I think it was Javtokas... I was told he was really talented before the accident happened... Ronnie Fields - Jay Williams part II


----------



## ballstorm (Nov 30, 2003)

Sure it was javtokas .Before he accident , he was freakishly atheltic . 

Stats in the uleb cup (2004-2005 regular season)

8.2 pts 6.3 rbds 1.3 assists 1.3 blk in 26 mn .

He is a legit 6'11 player who provides a good defensive presence . Offensively , Nesterovic passes for an artist compared to him ...
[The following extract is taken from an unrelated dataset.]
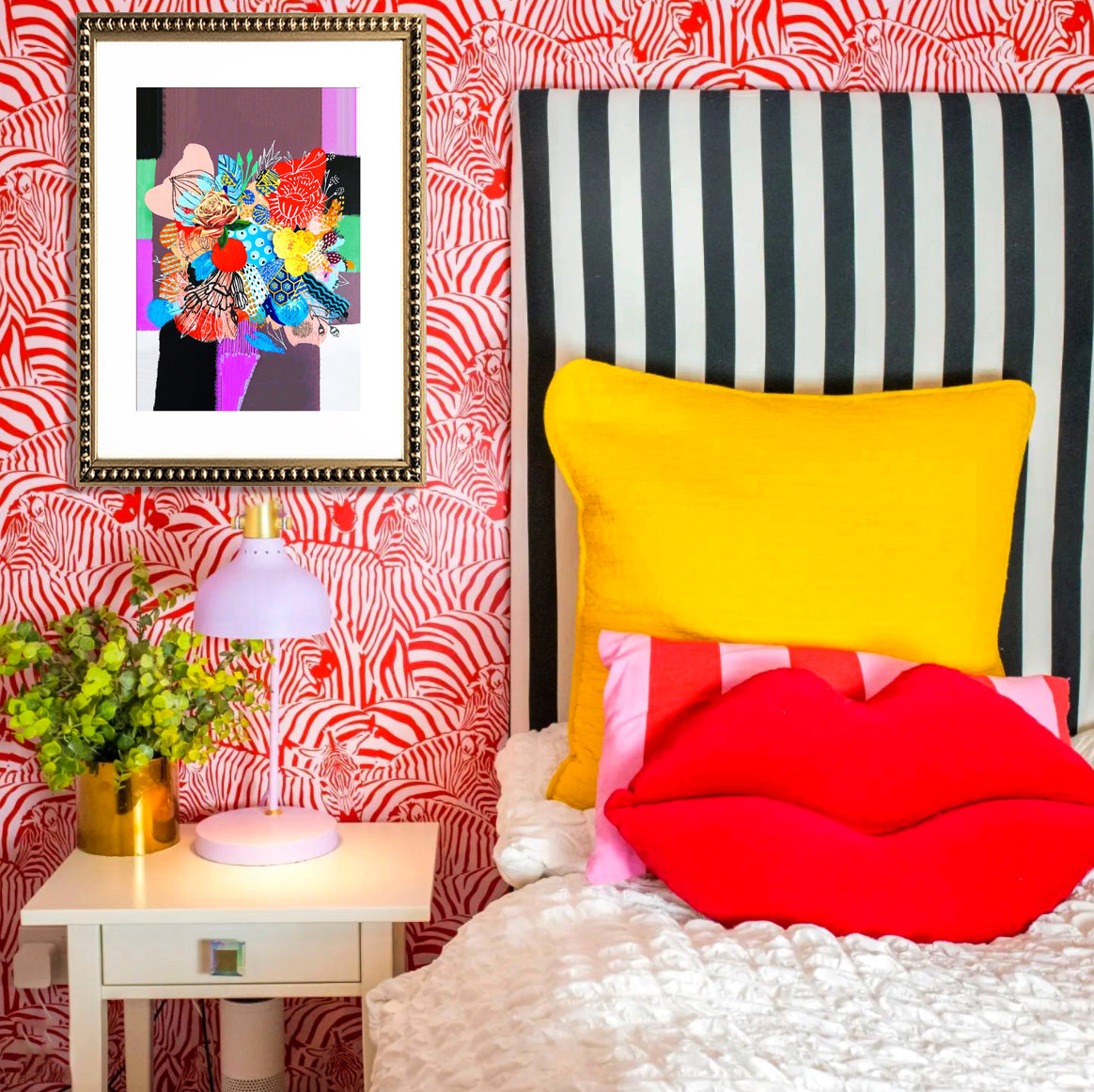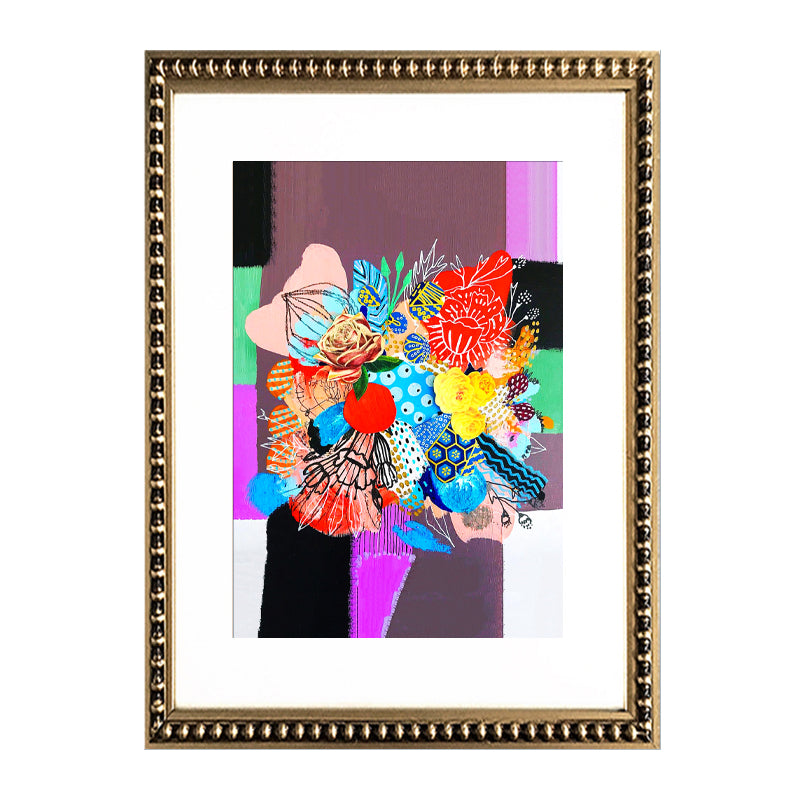 Cuadro con diseño en collage en paleta de colores, paspartú blanco y marco de madera con perlitas color dorado envejecido.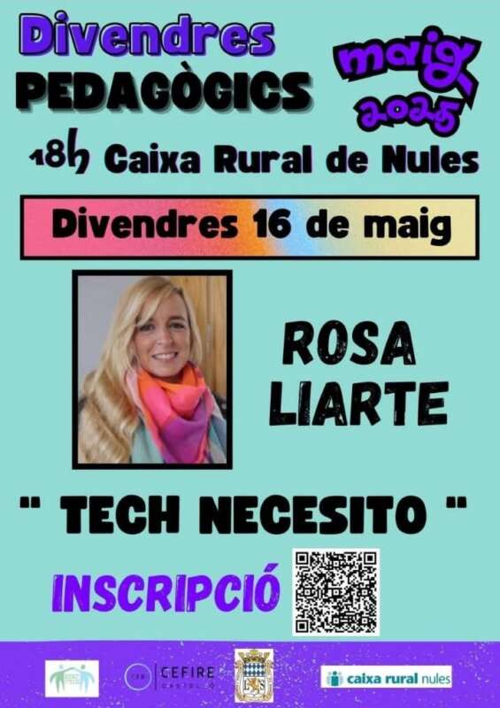 La transformació digital i les noves tecnologies és la temàtica que tractarà l’última sessió amb la ponència anomenada ‘TECH necesito’ que la farà Rosa Liarte, docent i experta en noves metodologies educatives, i tindrà lloc a les sis de la vesprada al saló teatre de la Caixa Rural de Nules.

Regarding Oberto , he is arguably the best inside player currently in Europe . Tall , great fundamentals , he is the kind of player who understands easily what his team needs and who is never reluctant to do the "dirty" job . He is the incarnation of the team player , always looking for the victory without being haunted by his stats. Pop would fall in love with him in the blinking of an eye .

But Oberto is already tracked by several teams and especially Chicago . Scott Skiles allegedly particulary appreciates the big man ...

Foxsport



> Don't be surprised if the Bulls add Argentinean forward-center Fabricio Oberto to their lineup this summer. Oberto's contract with Pamesa Valencia in the European League expires in June. He was a teammate of Bulls forward Andres Nocioni on the gold medal-winning Argentine team at the Athens Olympics, and his agent is Chicago-based Herb Rudoy. Bulls GM John Paxson believes Oberto's game would fit with what Scott Skiles wants from his big men.


If the Spurs had the choice , I would hire oberto instead of Scola everytime. 
Concerning Scola , he is a good scorer around the rim but in no way a force defensively . He could be a valuable 3rd inside player , providing a spark off the bench .




> matiz
> and looks like that Spurs scouting even noticed him faster than any of the big european clubs has- which would be an unique case imo.


Well , not exactly in fact since Sanikidze had signed in Trevise 2 years ago before being loaned to Dijon. But Trevise used to sign every single young talented prospect in Europe , just in case ...


----------



## Kunlun (Jun 22, 2003)

Why do the Spurs like foreign players so much? They don't seem to pay as much attention to the college prospects as thye do for the foreign ones.


----------



## DaBobZ (Sep 22, 2003)

Eurofreak *Matiz* changed name to EuroExpert :greatjob:


----------